Assigned task
Return every record below exactly; leave out the images.

Information
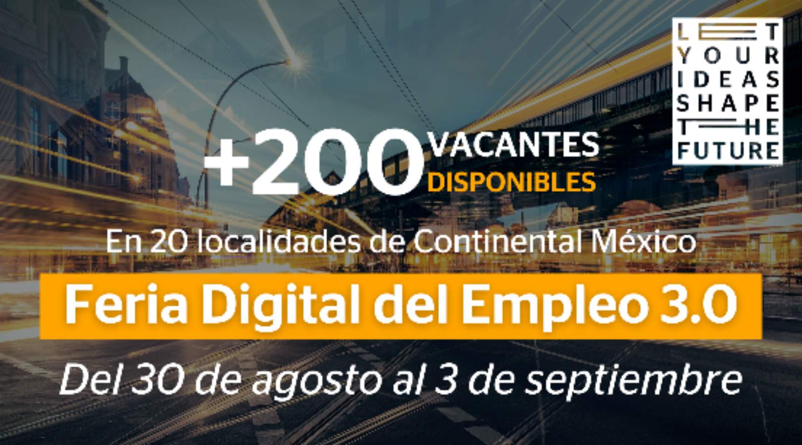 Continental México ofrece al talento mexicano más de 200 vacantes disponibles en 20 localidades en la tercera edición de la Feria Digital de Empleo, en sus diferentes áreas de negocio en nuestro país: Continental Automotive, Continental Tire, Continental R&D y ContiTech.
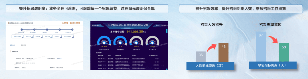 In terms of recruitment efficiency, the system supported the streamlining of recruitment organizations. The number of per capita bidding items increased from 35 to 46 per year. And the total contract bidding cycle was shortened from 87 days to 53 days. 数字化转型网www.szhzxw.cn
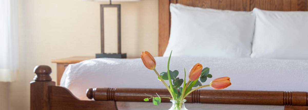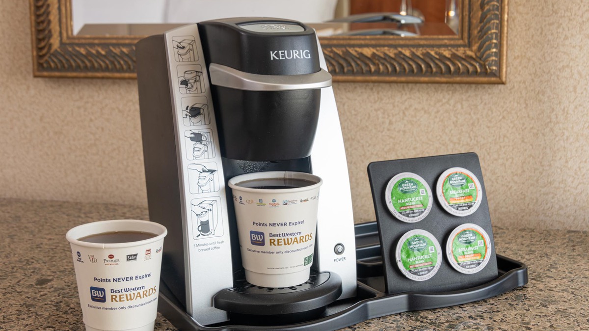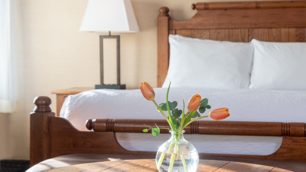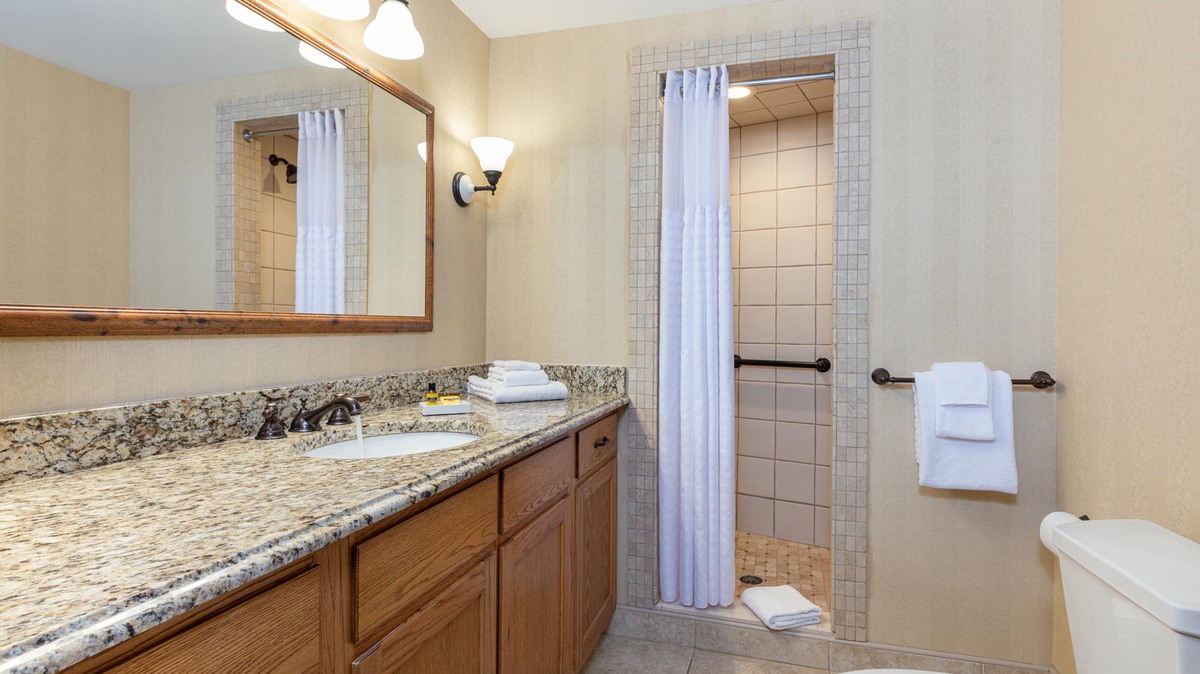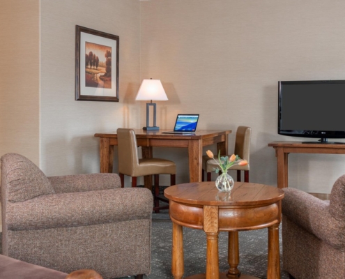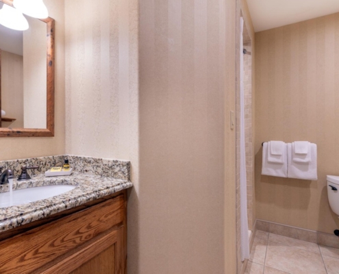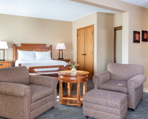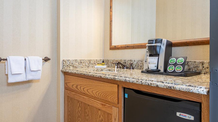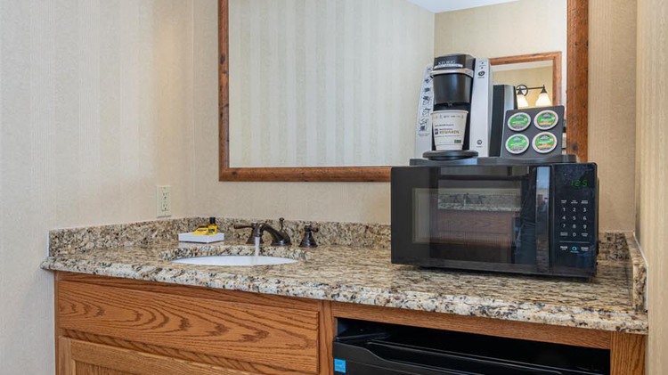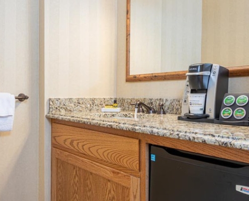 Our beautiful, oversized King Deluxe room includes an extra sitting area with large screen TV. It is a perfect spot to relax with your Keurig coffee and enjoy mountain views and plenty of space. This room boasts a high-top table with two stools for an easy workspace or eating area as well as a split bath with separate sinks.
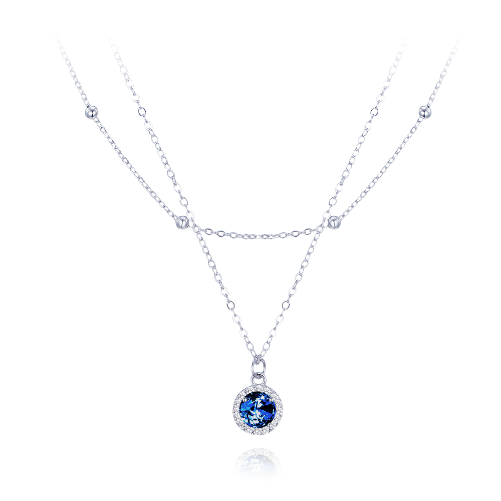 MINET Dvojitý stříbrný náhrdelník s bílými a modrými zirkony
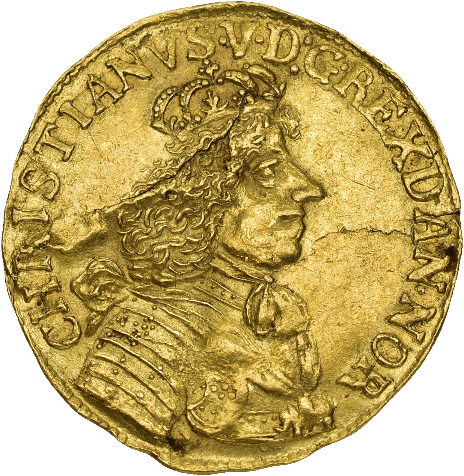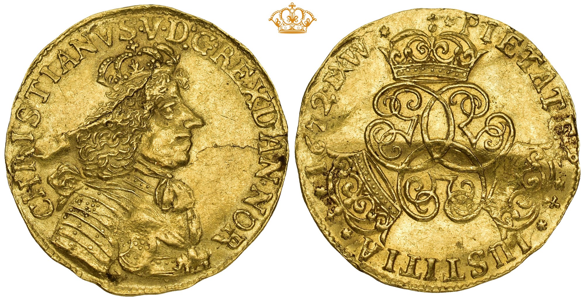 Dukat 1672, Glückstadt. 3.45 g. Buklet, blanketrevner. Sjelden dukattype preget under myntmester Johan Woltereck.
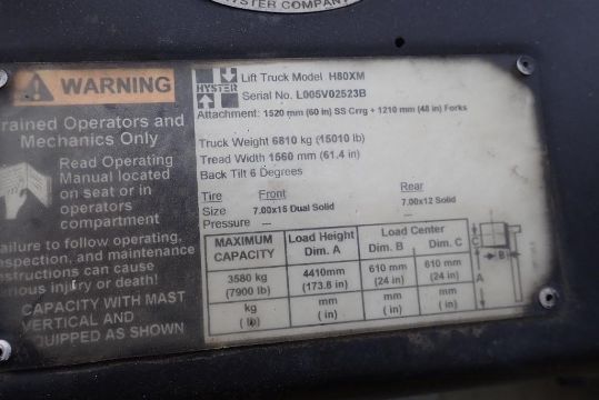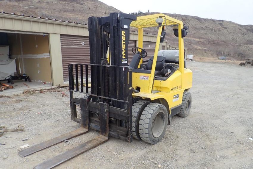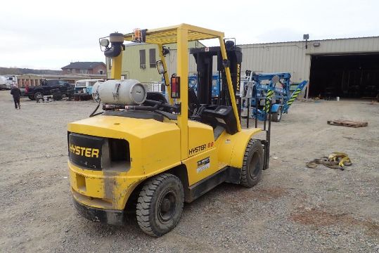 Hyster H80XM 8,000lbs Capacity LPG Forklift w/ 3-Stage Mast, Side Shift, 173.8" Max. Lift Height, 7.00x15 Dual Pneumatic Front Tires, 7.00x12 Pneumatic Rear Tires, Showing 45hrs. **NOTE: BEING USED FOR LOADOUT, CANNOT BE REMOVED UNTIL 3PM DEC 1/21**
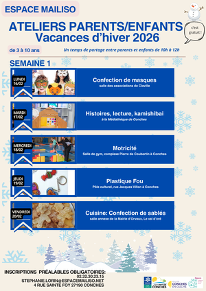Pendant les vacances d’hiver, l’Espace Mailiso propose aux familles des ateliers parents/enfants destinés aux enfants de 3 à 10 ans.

Response area
 Continental México ofrece al talento mexicano más de 200 vacantes disponibles en 20 localidades en la tercera edición de la Feria Digital de Empleo, en sus diferentes áreas de negocio en nuestro país: Continental Automotive, Continental Tire, Continental R&D y ContiTech.
 In terms of recruitment efficiency, the system supported the streamlining of recruitment organizations. The number of per capita bidding items increased from 35 to 46 per year. And the total contract bidding cycle was shortened from 87 days to 53 days. 数字化转型网www.szhzxw.cn
 Our beautiful, oversized King Deluxe room includes an extra sitting area with large screen TV. It is a perfect spot to relax with your Keurig coffee and enjoy mountain views and plenty of space. This room boasts a high-top table with two stools for an easy workspace or eating area as well as a split bath with separate sinks.
 MINET Dvojitý stříbrný náhrdelník s bílými a modrými zirkony
 Dukat 1672, Glückstadt. 3.45 g. Buklet, blanketrevner. Sjelden dukattype preget under myntmester Johan Woltereck.
 Hyster H80XM 8,000lbs Capacity LPG Forklift w/ 3-Stage Mast, Side Shift, 173.8" Max. Lift Height, 7.00x15 Dual Pneumatic Front Tires, 7.00x12 Pneumatic Rear Tires, Showing 45hrs. **NOTE: BEING USED FOR LOADOUT, CANNOT BE REMOVED UNTIL 3PM DEC 1/21**
Pendant les vacances d’hiver, l’Espace Mailiso propose aux familles des ateliers parents/enfants destinés aux enfants de 3 à 10 ans.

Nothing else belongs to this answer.